DATA FOR ANALYSIS: Begin

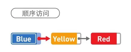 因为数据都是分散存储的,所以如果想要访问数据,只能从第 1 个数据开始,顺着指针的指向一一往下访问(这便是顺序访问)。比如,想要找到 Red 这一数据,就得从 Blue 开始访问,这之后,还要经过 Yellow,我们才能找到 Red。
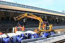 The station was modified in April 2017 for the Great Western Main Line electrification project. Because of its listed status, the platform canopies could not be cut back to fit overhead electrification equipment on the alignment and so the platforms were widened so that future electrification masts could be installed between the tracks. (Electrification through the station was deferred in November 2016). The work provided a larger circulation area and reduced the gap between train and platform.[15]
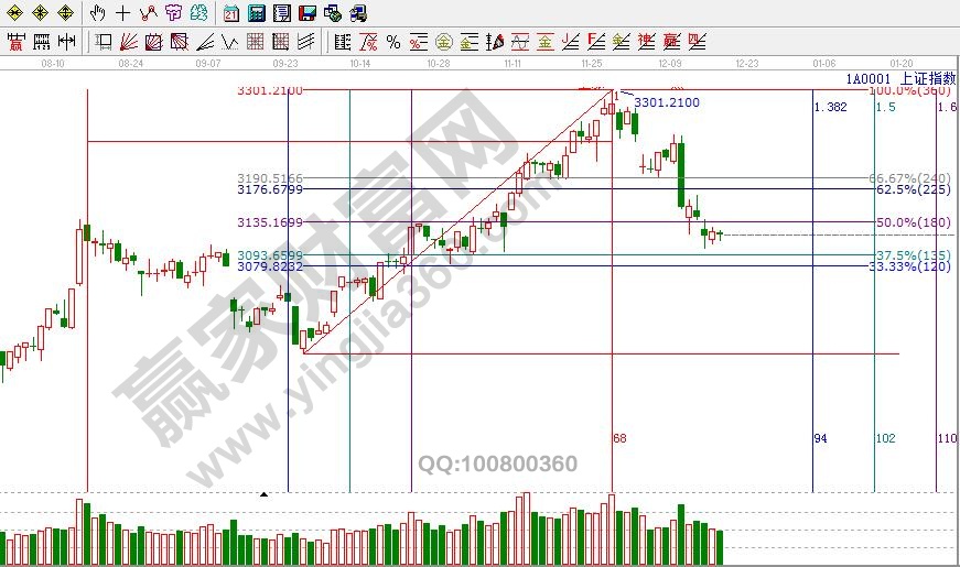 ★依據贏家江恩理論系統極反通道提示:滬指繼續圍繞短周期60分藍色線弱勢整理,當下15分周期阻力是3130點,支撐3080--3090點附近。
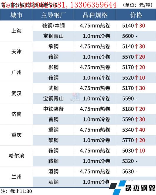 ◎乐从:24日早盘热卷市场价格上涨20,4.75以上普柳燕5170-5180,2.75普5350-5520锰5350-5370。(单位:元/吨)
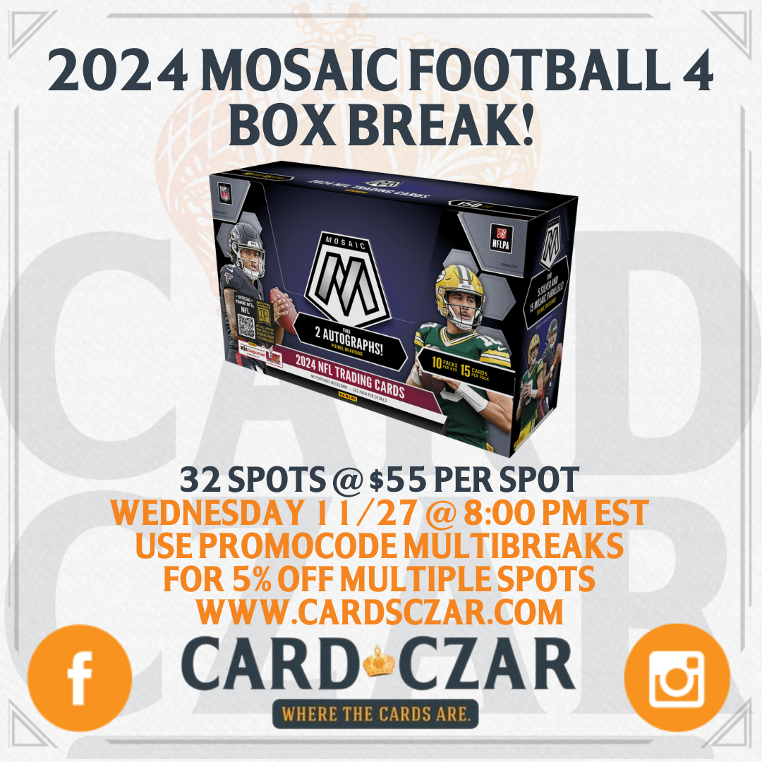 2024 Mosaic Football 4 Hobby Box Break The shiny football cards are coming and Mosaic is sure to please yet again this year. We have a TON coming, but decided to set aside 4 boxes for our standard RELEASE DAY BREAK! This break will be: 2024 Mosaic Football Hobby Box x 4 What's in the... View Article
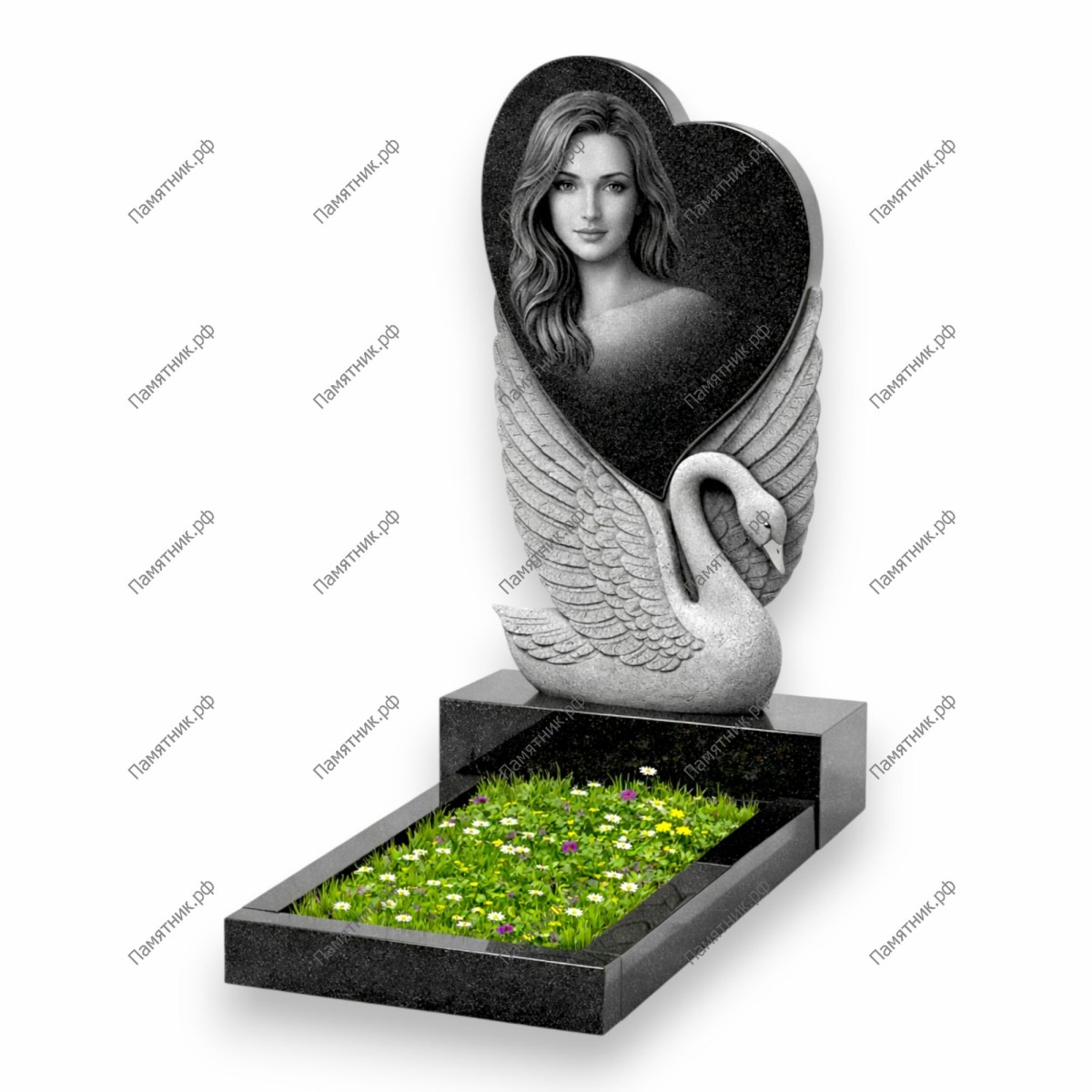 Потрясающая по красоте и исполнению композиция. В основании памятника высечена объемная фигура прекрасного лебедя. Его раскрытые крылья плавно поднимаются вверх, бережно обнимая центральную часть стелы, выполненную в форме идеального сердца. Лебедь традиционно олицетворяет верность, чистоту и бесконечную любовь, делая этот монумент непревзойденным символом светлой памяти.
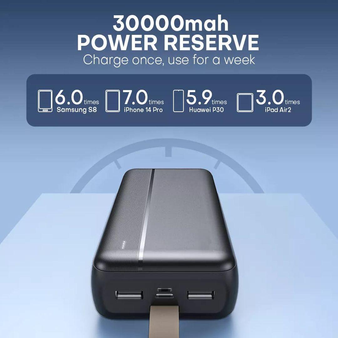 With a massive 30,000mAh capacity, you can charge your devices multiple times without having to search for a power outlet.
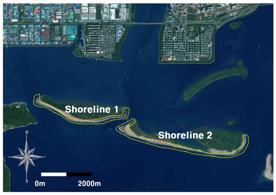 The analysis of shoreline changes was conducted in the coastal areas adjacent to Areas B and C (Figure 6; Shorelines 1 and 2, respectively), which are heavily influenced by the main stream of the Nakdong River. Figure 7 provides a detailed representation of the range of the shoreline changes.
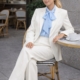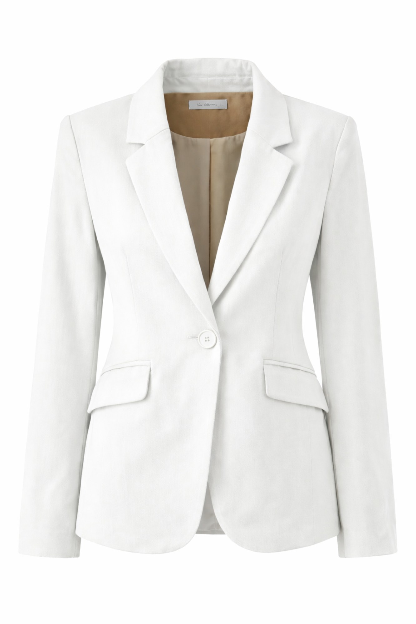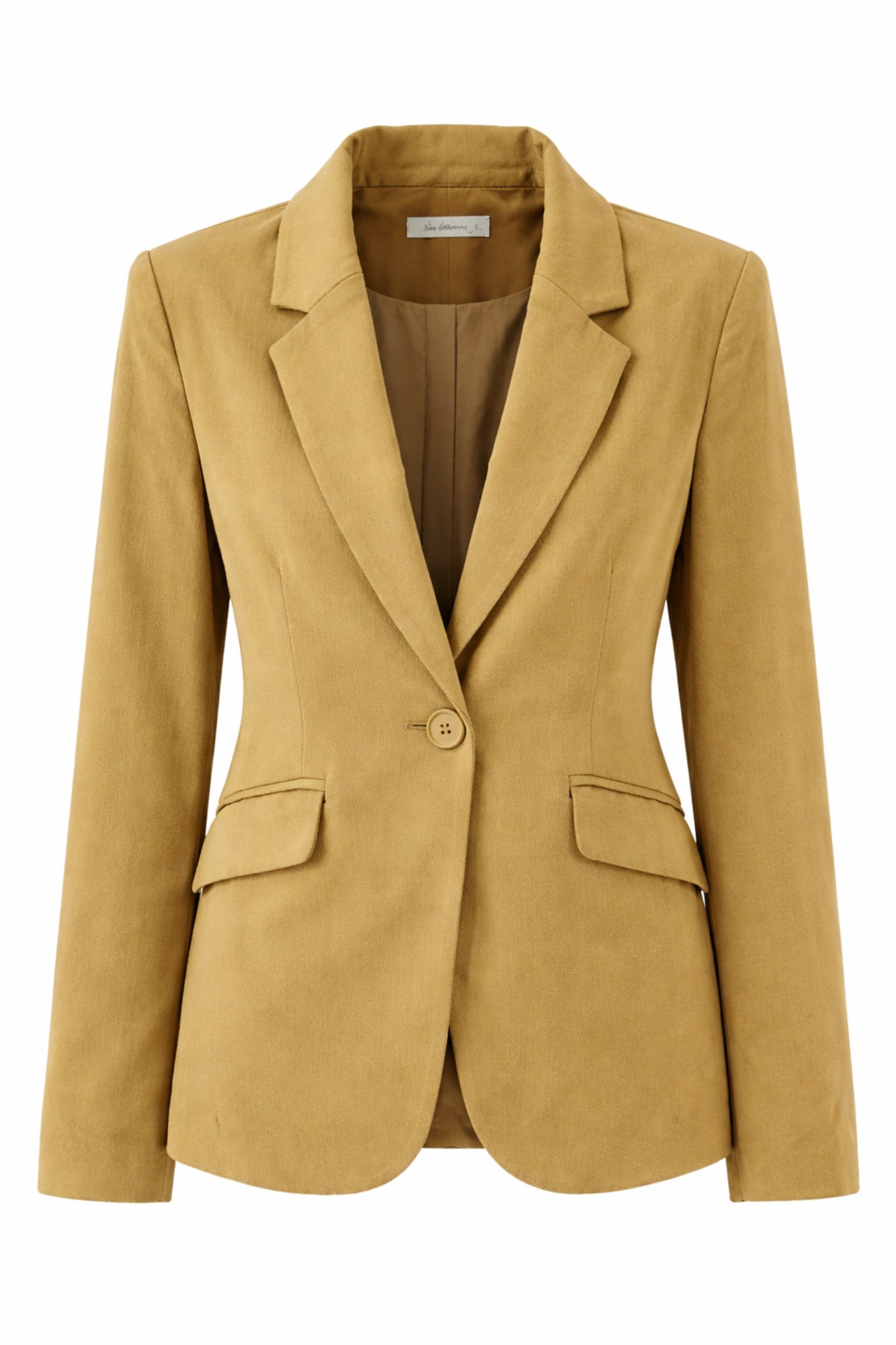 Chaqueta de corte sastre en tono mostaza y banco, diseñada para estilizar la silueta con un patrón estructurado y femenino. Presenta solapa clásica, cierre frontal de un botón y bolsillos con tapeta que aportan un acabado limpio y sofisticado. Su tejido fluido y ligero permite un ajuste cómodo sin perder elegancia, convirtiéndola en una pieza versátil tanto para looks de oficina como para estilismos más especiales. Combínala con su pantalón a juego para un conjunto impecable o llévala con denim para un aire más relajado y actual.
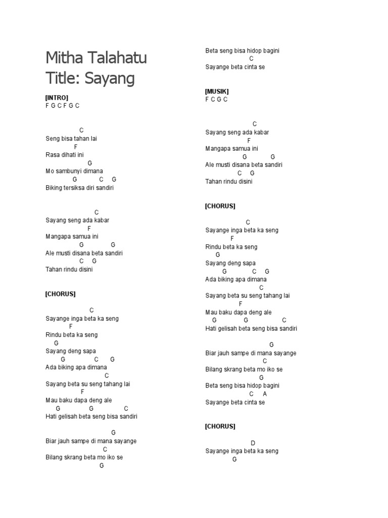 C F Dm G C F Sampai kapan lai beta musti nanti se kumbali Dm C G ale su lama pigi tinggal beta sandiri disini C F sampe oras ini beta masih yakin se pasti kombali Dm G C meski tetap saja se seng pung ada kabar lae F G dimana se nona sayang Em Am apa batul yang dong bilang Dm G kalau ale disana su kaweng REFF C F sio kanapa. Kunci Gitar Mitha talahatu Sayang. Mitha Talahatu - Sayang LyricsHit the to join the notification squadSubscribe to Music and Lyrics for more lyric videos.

DATA FOR ANALYSIS: End

▶ [WORK REQUEST]
Output the whole listing without change. Any picture is to be left out.

▶ [TASK ANSWER]
 因为数据都是分散存储的,所以如果想要访问数据,只能从第 1 个数据开始,顺着指针的指向一一往下访问(这便是顺序访问)。比如,想要找到 Red 这一数据,就得从 Blue 开始访问,这之后,还要经过 Yellow,我们才能找到 Red。
 The station was modified in April 2017 for the Great Western Main Line electrification project. Because of its listed status, the platform canopies could not be cut back to fit overhead electrification equipment on the alignment and so the platforms were widened so that future electrification masts could be installed between the tracks. (Electrification through the station was deferred in November 2016). The work provided a larger circulation area and reduced the gap between train and platform.[15]
 ★依據贏家江恩理論系統極反通道提示:滬指繼續圍繞短周期60分藍色線弱勢整理,當下15分周期阻力是3130點,支撐3080--3090點附近。
 ◎乐从:24日早盘热卷市场价格上涨20,4.75以上普柳燕5170-5180,2.75普5350-5520锰5350-5370。(单位:元/吨)
 2024 Mosaic Football 4 Hobby Box Break The shiny football cards are coming and Mosaic is sure to please yet again this year. We have a TON coming, but decided to set aside 4 boxes for our standard RELEASE DAY BREAK! This break will be: 2024 Mosaic Football Hobby Box x 4 What's in the... View Article
 Потрясающая по красоте и исполнению композиция. В основании памятника высечена объемная фигура прекрасного лебедя. Его раскрытые крылья плавно поднимаются вверх, бережно обнимая центральную часть стелы, выполненную в форме идеального сердца. Лебедь традиционно олицетворяет верность, чистоту и бесконечную любовь, делая этот монумент непревзойденным символом светлой памяти.
 With a massive 30,000mAh capacity, you can charge your devices multiple times without having to search for a power outlet.
 The analysis of shoreline changes was conducted in the coastal areas adjacent to Areas B and C (Figure 6; Shorelines 1 and 2, respectively), which are heavily influenced by the main stream of the Nakdong River. Figure 7 provides a detailed representation of the range of the shoreline changes.
 Chaqueta de corte sastre en tono mostaza y banco, diseñada para estilizar la silueta con un patrón estructurado y femenino. Presenta solapa clásica, cierre frontal de un botón y bolsillos con tapeta que aportan un acabado limpio y sofisticado. Su tejido fluido y ligero permite un ajuste cómodo sin perder elegancia, convirtiéndola en una pieza versátil tanto para looks de oficina como para estilismos más especiales. Combínala con su pantalón a juego para un conjunto impecable o llévala con denim para un aire más relajado y actual.
 C F Dm G C F Sampai kapan lai beta musti nanti se kumbali Dm C G ale su lama pigi tinggal beta sandiri disini C F sampe oras ini beta masih yakin se pasti kombali Dm G C meski tetap saja se seng pung ada kabar lae F G dimana se nona sayang Em Am apa batul yang dong bilang Dm G kalau ale disana su kaweng REFF C F sio kanapa. Kunci Gitar Mitha talahatu Sayang. Mitha Talahatu - Sayang LyricsHit the to join the notification squadSubscribe to Music and Lyrics for more lyric videos.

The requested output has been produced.